Single-voxel MR spectroscopy of the abnormal basal ganglia in our patient showed reduction of the NAA peak (a sign of neuronal injury) and an increased lactate peak, corresponding to conversion from aerobic energy production to anaerobic glycolysis.¹¹ Follow-up MR spectroscopy 1 month after the initial examination demonstrated further decrease in NAA and interval increase in choline with reversal of the choline/creatine ratio, consistent with increased neuronal injury and increased cell membrane turnover.
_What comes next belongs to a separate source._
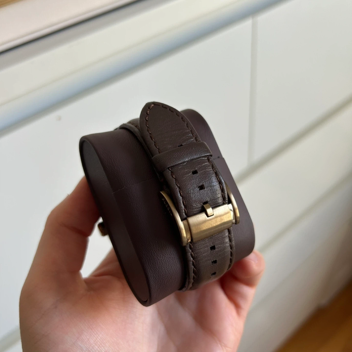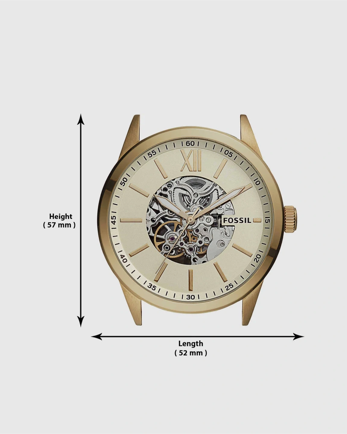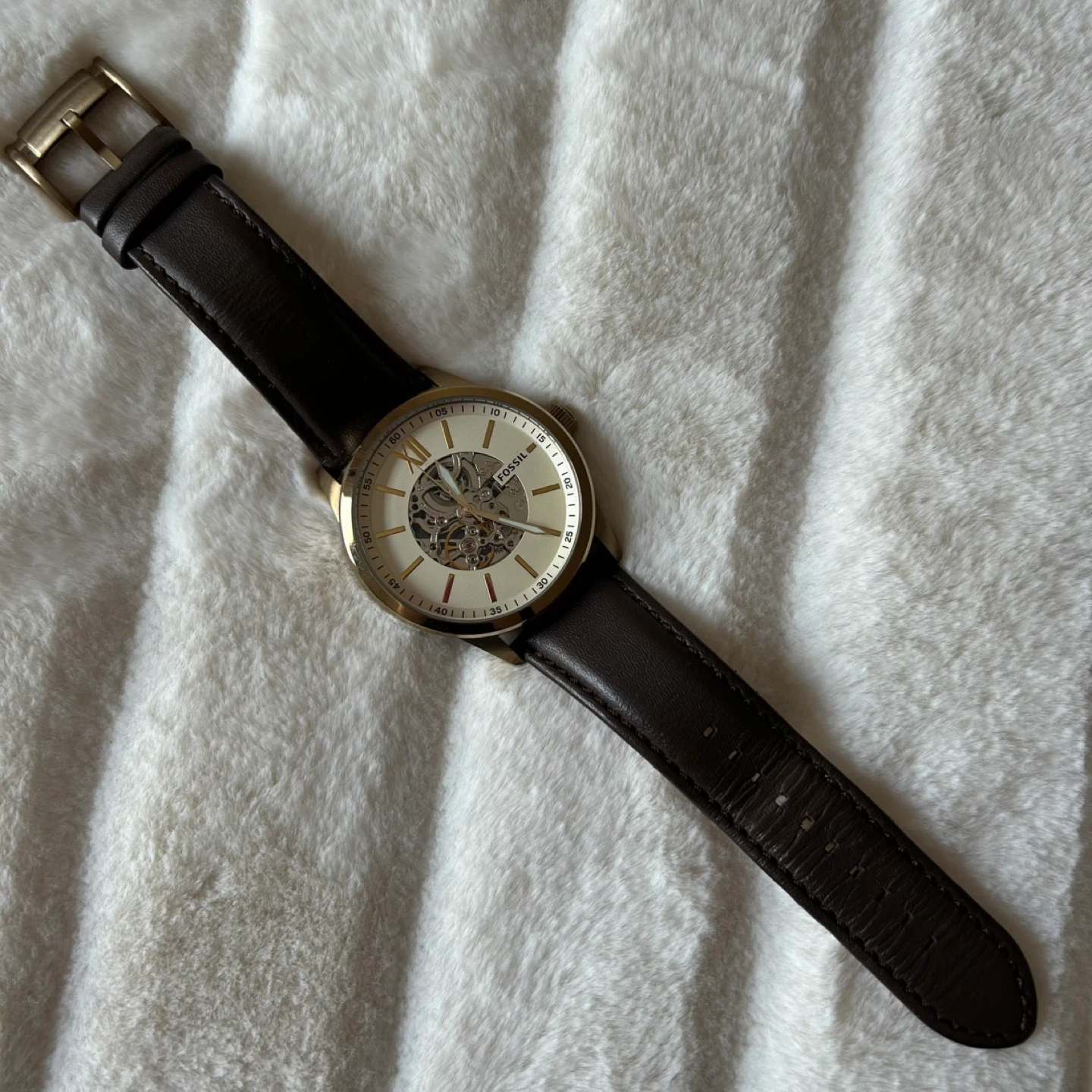 Fossil automatic watch with a skeleton dial. It features a brown leather band and a gold-tone case. This timepiece showcases an open-heart automatic movement.

In other pathologies marked by cell membrane breakdown (eg, neurodegenerative disorders), bound moieties may be liberated into the free choline pool, contributing to an increase in choline resonance.⁶ Recent studies by using immunofluorescence documented serum anti-basal ganglial antibodies in the poststreptococcal basal ganglia.⁶ MR spectroscopy findings in our patient support the hypothesis that the pathophysiologic mechanism for poststreptococcal dystonia with striatal necrosis could be an antibody-mediated immune reaction.

Follow-up MR imaging at 1 year demonstrated interval improvement in size, T2 signal intensity, and diffusion of the basal ganglia and appears to correlate with a slowly improving clinical course. These findings suggest that the underlying pathology in isolated basal ganglial “necrosis” may not represent irreversible necrosis after all.